When initialized, GenomicPositionData reads sequencing file (.bam) locations from a config object, and then automatically performs alignment into BamOutput objects, and then performs methylation analysis, storing the results as QumaResults.
Finally, the aggregate data is analyzed to create some aggregate metrics such as means, modes, and differences (diffs), as well as expose methods for plotting and statistical analysis.
- allelic_data: DataFrame
dataframe of Chi-squared p-values.
- Type:
pd.DataFrame
- cell_types: List[str]
list of cell types in the data.
- Type:
List[str]
- diffs: DataFrame
df of difference mean minus mode methylation values.
- Type:
pd.DataFrame
- file_names: List[str]
list of bam filenames in the data.
- Type:
List[str]
- files_set: List[str]
list of bam files analyzed.
- Type:
List[str]
- static from_pickle(filename: str) GenomicPositionData [source]

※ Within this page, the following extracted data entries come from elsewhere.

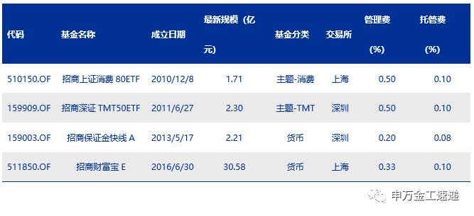 招商基金管理有限公司于2002年12月27日成立,是中国第一家中外合资基金管理公司。招商基金于2010年开始布局指数产品,目前共有21只指数基金,二季度末管理规模(不含ETF联接)总计242.03亿元,产品类型涵盖ETF、分级基金、增强指数基金、被动指数基金等。在ETF产品方面,有4只ETF:2只股票ETF以及2只货币ETF。2只股票ETF分别为招商上证消费80ETF、招商深证TMT50ETF,截止2019年8月30日,规模分别为1.71亿元、2.30亿元。
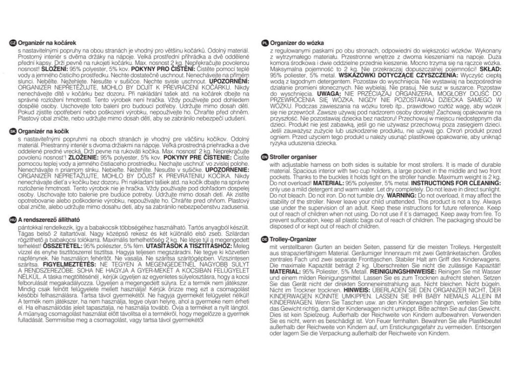 UPOZORNENIE! Organizér nepreťažujte, mohlo by dôjsť k prevráteniu kočíku! Nikdy nenechávajte dieťa bez dozoru. Pri naskladaní tašiek na kočík dbajte na správne rozloženie hmotnosti. Tento výrobok nie je hračka. Vždy používajte pod dohľadom dospelej osoby. Uschovajte toto balenia pre budúce potreby. Udržujte mimo dosah detí. Ak zistíte opotrebovanie alebo poškodenie výrobku, nepoužívajte ho. Chráňte pred ohňom. Plastový obal zničte, alebo udržujte mimo dosahu detí, aby sa zabránilo nebezpečenstvu zadusenia.
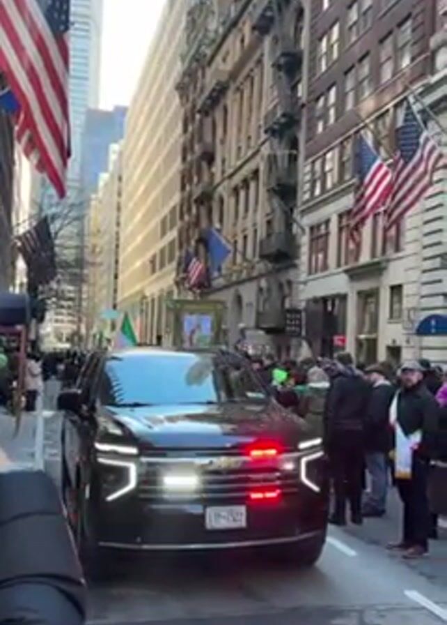 black Chevy Tahoe SUV traveling down a city street lined with American flags. The SUV has red emergency lights flashing. People are standing on the sidewalk watching the vehicle. Buildings line the street, and some are decorated with flags. The license plate on the SUV reads LTB-1522. There are people in the background wearing green. The video seems to be taken during some sort of parade or procession.

Read pickled GenomicPositionData back to an object.
- Parameters:
filename (str) – filename to read pickle
- Returns:
GenomicPositionData object
- Return type:
- generate_ad_stats() DataFrame [source]
Generate Anderson-Darling normality statistics for an individual data df.
- Returns:
df of a-d test statistics
- Return type:
pd.DataFrame
- heatmap(min_values: int = 1, width: int = 800, height: int = 2000, cell_lines: Optional[List[str]] = None, data_type: str = 'means', backend: Optional[str] = None) None [source]
Display a graph figure showing heatmap of mean methylation across cell lines.
- Parameters:
min_values (int) – minimum number of points data must exist at a position
width (int) – figure width, defaults to 800
height (int) – figure height, defaults to 2000
cell_lines (Optional[List[str]]) – set of cell lines to analyze,
lines. (defaults to all cell) –
data_type (str) – type of data to plot. Can be ‘means’, ‘modes’, ‘diffs’, or ‘pvalue’.

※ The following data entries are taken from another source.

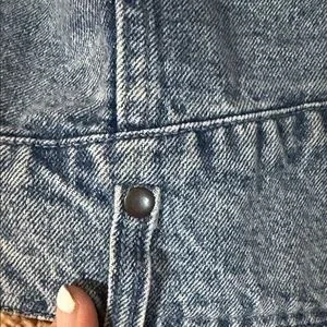 Classic blue denim jacket by We The Free. Plush tan sherpa collar, cuffs, and hem. Button-front closure with angled front pockets. EUC. Size small. But will fit medium also.
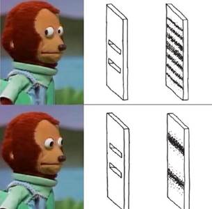 Straniu! Ne-am fi așteptat ca electronii să se comporte ca niște bile ordinare, adică să obținem două dungi pe ecran care să reprezinte electronii care au reușit să treacă prin dreptul fantei respective.
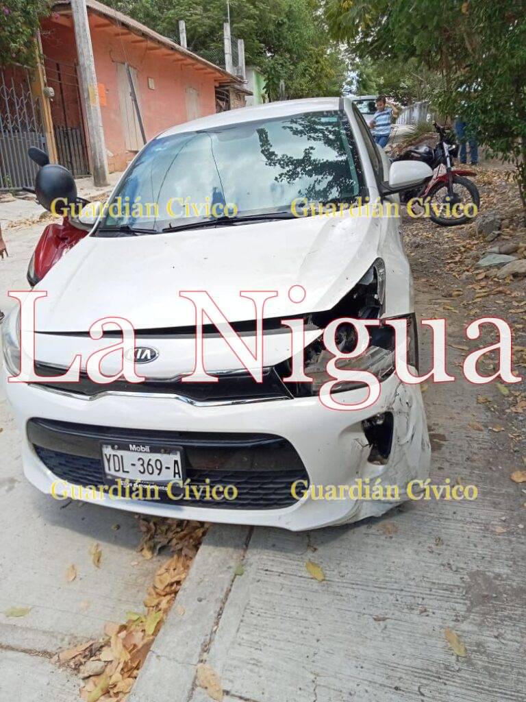 El vehículo Kia terminó con daños materiales considerables, mientras que la motocicleta de la marca Italika, FT150, de color negra presentó daños materiales mínimos.
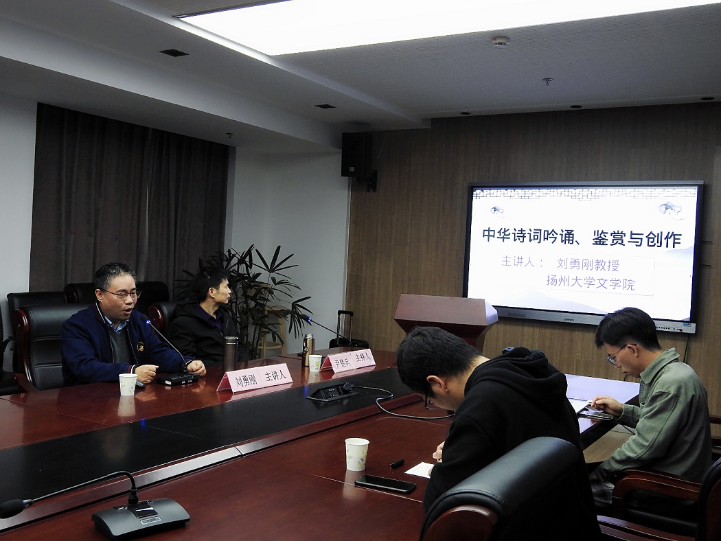 11月19日下午,扬州大学刘勇刚教授应“教育部中华古诗文吟诵和创作基地”之邀,在十大买球的正规网站306会议室作了一场题为“中华诗词吟诵、鉴赏与创作”的讲座。讲座由尹楚兵教授主持,除了在座数十位学生得以现场聆听外,来自不同学校的师生也通过腾讯会议的形式实现线上共享。

backend (Optional[str]) – plotting backend to override default
- Raises:
ValueError – invalid data type
ValueError – invalid plotting backend
- histogram(cell_line: str, position: str, backend: Optional[str] = None) None [source]
Display a graph figure showing fractional methylation in a given cell line at a given site.
- Parameters:
cell_line (str) – name of cell line
position (str) – genomic position
backend (Optional[str]) – plotting backend to override default
- Raises:
ValueError – invalid plotting backend
ValueError – No data available at that position
- individual_data: DataFrame
dataframe of individual methylation values.
- Type:
pd.DataFrame
- means: DataFrame
dataframe of mean methylation values.
- Type:
pd.DataFrame
- modes: DataFrame
dataframe of modes of methylation values.
- Type:
pd.DataFrame
- positions: List[str]
list of genomic positions in the data.
- Type:
List[str]
- quma_results: Dict[str, QumaResult]
list of QumaResults.
- Type:
Dict[str, QumaResult]
- reads_graph(cell_lines: Optional[List[str]] = None, backend: Optional[str] = None) None [source]
Display a graph figure showing methylation of reads across cell lines.
- Parameters:
cell_lines (Optional[List[str]]) – set of cell lines to analyze, defaults to all cell lines.
backend (Optional[str]) – plotting backend to override default
- Raises:
ValueError – invalid plotting backend
ValueError – Unable to plot more than 20 cell lines at once.
- save(filename: str = 'output.xlsx') None [source]
Save quma results to an excel file.
- Parameters:
filename (str) – Filename to save to. Defaults to “output.xlsx”.
- save_pickle(filename: str) None [source]
Save GenomicPositionData object as a pickled file.
- Parameters:
filename (str) – filename to save pickle
- sig_methylation_differences(cell_lines: Optional[List[str]] = None, backend: Optional[str] = None) None [source]
Display a graph figure showing a bar chart of significantly different mean / mode methylation across all or a subset of cell lines.
- Parameters:
cell_lines (Optional[List[str]]) – set of cell lines to analyze, defaults to all cell lines.
backend (Optional[str]) – plotting backend to override default
- Raises:
ValueError – invalid plotting backend
- summarize_allelic_data(cell_lines: Optional[List[str]] = None) DataFrame [source]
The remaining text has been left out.